The key to using the Independent Chip Model (ICM) is making choices that have a positive expectation over time. In Part One, we went over the calculation of a player’s current chip stack as a dollar value. Now we can move forward and make decisions based on that information.
In the example used in Part One, we worked out the equity of five players remaining in an $11 nine-player sit-and-go:
Player 1: 1,740 chips = $15
Player 2: 835 chips = $8
Player 3: 1,585 chips = $14
Player 4: 2,590 chips = $20
Player 5: 6,750 chips = $33
Let’s say Player 5 eliminates Player 3 on the very next hand. Player 5 now has 8,335 chips and is in an ideal position on the bubble. The new equity values are as follows:
Player 1: 1740 chips = $19
Player 2: 835 chips = $10
Player 4: 2590 chips = $24
Player 5: 8335 chips = $37
Even though Player 5 collected all of Player 3’s chips, the equity of every player increases because the removal of one player at the table improves the chances of everyone making money.
With four players still alive and the top three places paying, it becomes a survival game for the short stacks. Thus, the big stack can take advantage by raising and applying pressure. This is the point in a sit-and-go where ICM becomes crucial. When should the big stack be raising? What range of holdings can the small stacks give the big stack and how often can they call?
If we are Player 1 in this example, our main goal is outlasting Player 2, the shortest stack at the table. All of our judgments can be made based on what our expected equity would be by raising, calling or folding.
Now let’s say we’re in the small blind on the next hand. Player 2 is in the big blind. Blinds are 75/150. Player 4 folds in the cutoff and Player 5, the big stack, moves all in from the button. We look at our hole cards and see Ace-Jack suited. What do we do?
The first objective is to assign a range of cards to Player 5. What could he make that move with? Given that he has almost all of the chips in play, and he’s been very aggressive throughout the tournament, we’re going to assume that Player 5 is moving all in with almost any two cards. He knows that we, along with Player 2, are merely trying to survive and finish in the top three. Therefore he can use his stack to bully us around.

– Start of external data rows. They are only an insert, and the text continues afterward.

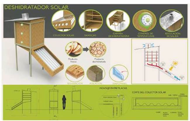 La principal desventaja de estos equipos es la demanda de materiales contaminantes y el uso de energía eléctrica para su funcionamiento. Al considerar los objetivos de nuestra investigación se ha seleccionado un equipo deshidratador de bajo costo que utilice energías renovables para su funcionamiento. El deshidratador con energía solar es propicio para frutas y verduras, con un rendimiento superior a una tonelada por día de producto, dependiendo de la selección del equipo [10].
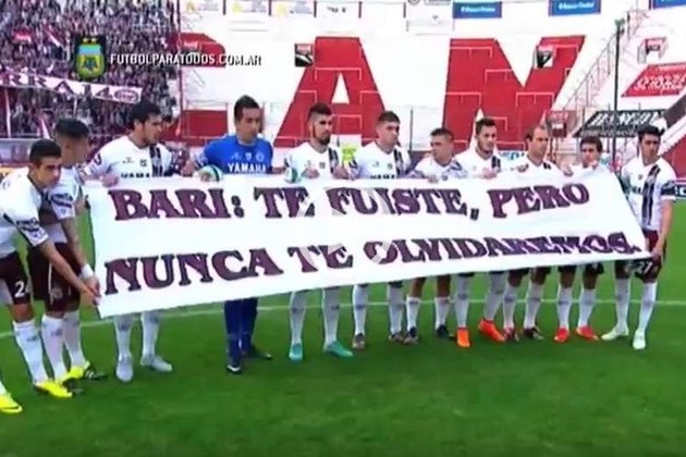 El plantel de Lanús realizó un emotivo homenaje a su compañero Diego Barisone. En el partido correspondiente a la Copa Argentina, los jugadores granates desplegaron una bandera en la previa del inicio del partido.
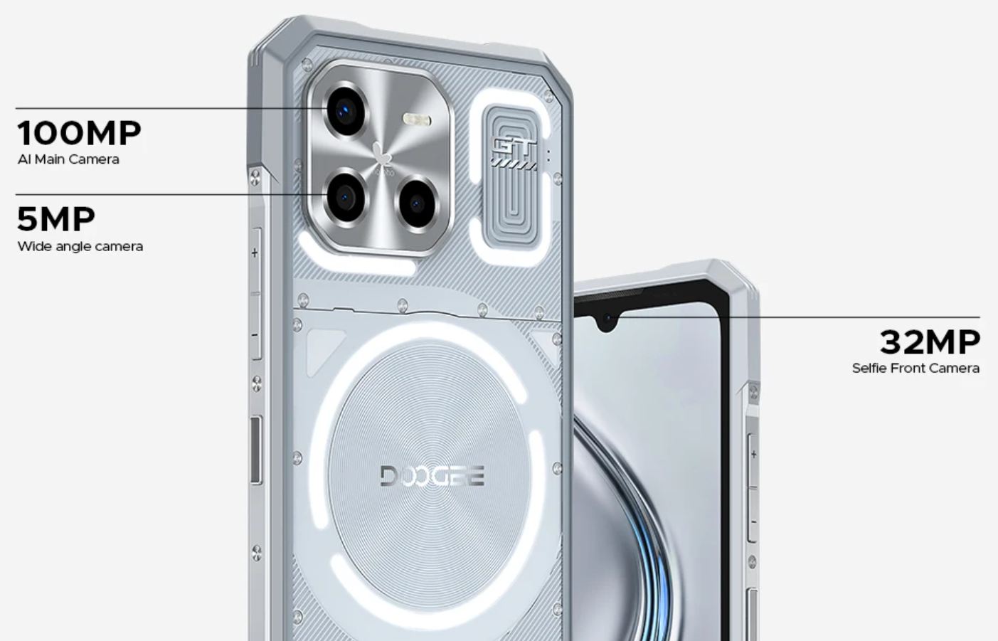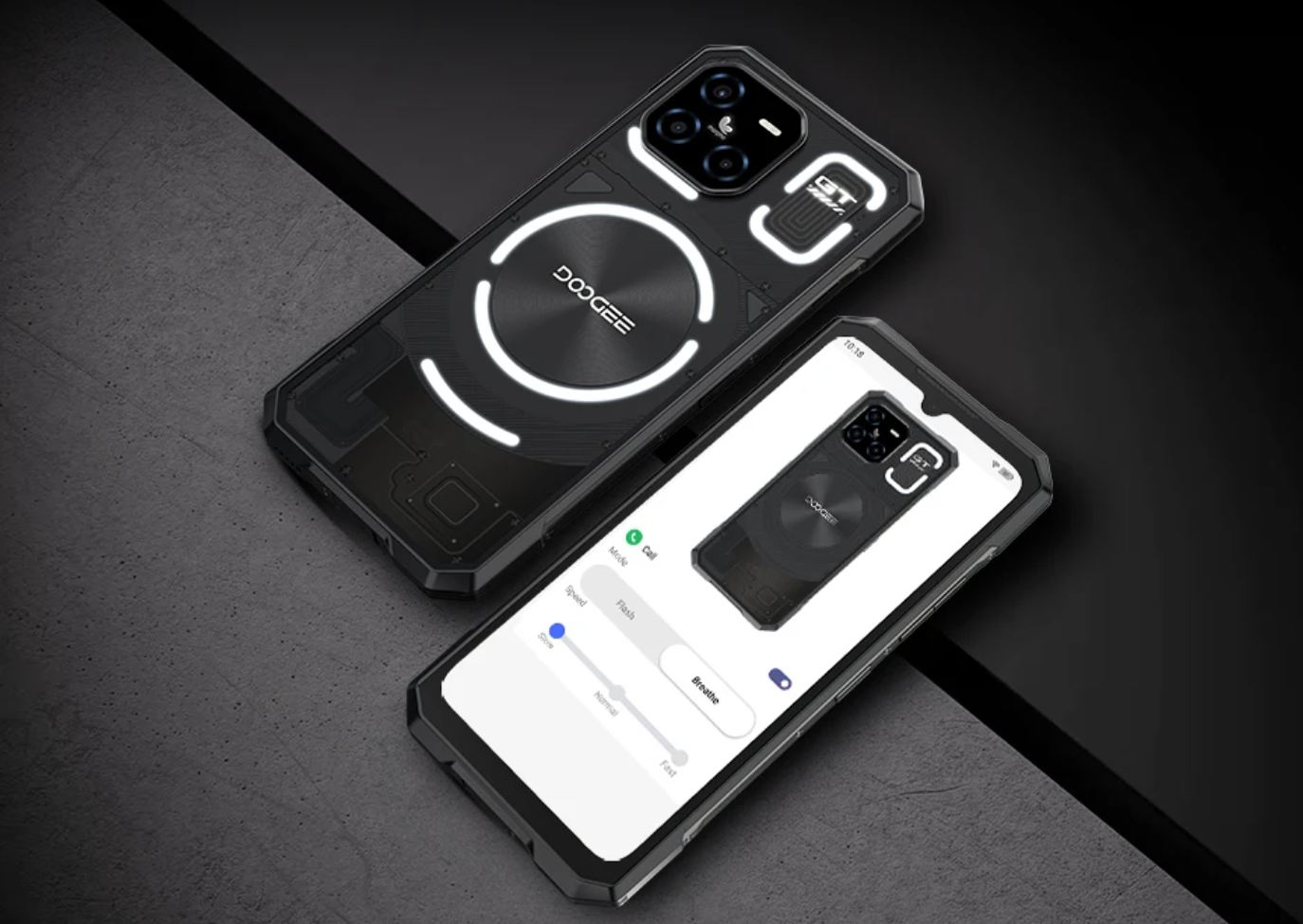 A DOOGEE Blade GT Ultra futurisztikus dizájnnal hódít a Nothing-tól átvett LED gyűrűkkel és egyéb LED elemekkel – csak jóval nagyobb mennyiségben.
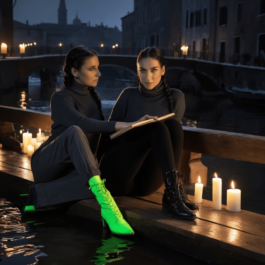 Talia lives in a converted Dorsoduro painter’s loft where the ceiling sags like wet canvas and the windows breathe fog from the canal below. By day, she’s an aperitivo historian—mapping the alchemy of Venice’s golden hour rituals through recipes, social patterns, and the architecture of pause—interviewing bartenders, sketching vermouth labels, collecting the poetry of toasts. But by night, she curates intimacy like a secret archive: designing immersive dates not for lovers in general, but *for one*—a man who hates crowds gets lost with her in a candle-lit blind gondola; another who fears stillness dances with her in a soundproofed attic during a thunderstorm. She believes love is not found but built—brick by brick from whispered voice notes between vaporetto stops and rooftop slow dances timed to the city’s hum.She fears permanence not because she doesn’t want it—but because she remembers how easily love dissolves in Venice, like sugar in prosecco, sweet for one moment and gone. She has had seasonal lovers: a flutist from Lyon in May, an architect from Lisbon who only stayed for the autumn light—each etched into her like tide lines on stone. But now there's Marco—not his real name—but *hers* for him—who arrives at 7:13 p.m., never early, and stays until the fountain pen on her desk runs dry from writing letters it can’t send.Her sexuality lives in threshold spaces: the brush of her neck against his stubble as they pass through a narrow *calle*, the way her breath hitches when he removes her left boot slowly on her jetty, candlelight licking their shadows. They’ve made love twice—in silence during rain so loud it drowned all confession—and once while she recited an original lullaby in octosyllabic verse to calm him after a panic attack. She knows his body like a recipe she’s memorized but dares not cook again for fear it might not rise.She writes lullabies for insomnia-ridden lovers because she believes tenderness is an act of rebellion in cities built on tourism and transience. And when Marco told her he might leave for Bologna in spring—*might*, just might—she booked a midnight train to Trieste just to kiss him through dawn on the platform before returning alone. Not to keep him—but to prove she could choose depth even if he chose flight.
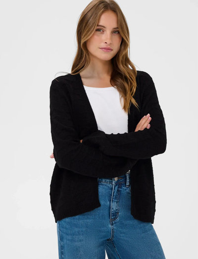 Denna korta cardigan har en öppen front och en avslappnad silhuett. Den texturerade stickningen ger ett visuellt intresse, vilket gör den till ett mångsidigt lagerplagg.
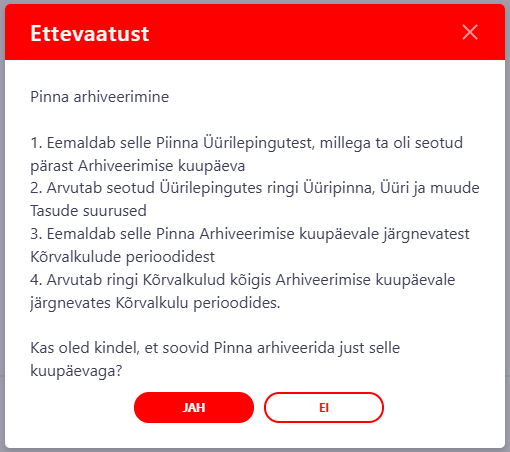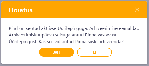 NB! If the space is linked to the Rental Contract, you will get the Warning message:

The range we come up with for Player 5 is the top 90% of hands, which means he could be making this move with any pair, A2+, K2+, Q2+, J2+, T2+, 92+, 83o+, 82s+, 74o+, 72s+, 64o+, 62s+, 54o, 52s+ and 43s. Using an equity calculator program such as PokerStove, we can find that our AJ suited is a 3-2 favorite (almost 60% equity) against Player 5’s range.
In any other format, this would be an easy call for us. After all, there’s a 60% chance we’ll win the pot! But the variable in a sit-and-go is the stack sizes of your opponents, and we have to factor a short-stacked player into our decision. By making the call and winning the pot (assuming the big blind folds), our stack increases to 3,630, giving us $27 in equity. However, if we call and lose, we finish in fourth place and our equity is $0.
So if we ran this hand 1,000 times:
600 times we win and have $27 in equity. 600*27 = $16,200
400 times we lose and have $0 in equity. 400*0 = $0
At the end of 1,000 tries, our equity is $16,200/1,000, which equals $16.20. If we fold, we have 1,665 chips and $19 in equity, making this call a losing play in the long run.
In order to make a profitable call we need a hand with more than 70% equity against Player 5’s range. To be safe we should only be calling with pocket tens or better.
Not even Ace-King suited has enough value to make a call in this example. In fact, it has almost the same equity as our AJ suited against Player 5’s range. Overvaluing AK is a mistake seen often on the bubble of Sit & Gos. Hopefully this article will sway you from doing it in the future.
This is just one example of how useful the Independent Chip Model can be in Sit & Gos. They are a unique form of poker because there are many situations where folding is correct even when you know you have the best hand. Many top players stay away because of the mechanical math-related nature of the game, but when played correctly using ICM, Sit & Gos can be very rewarding to your bankroll.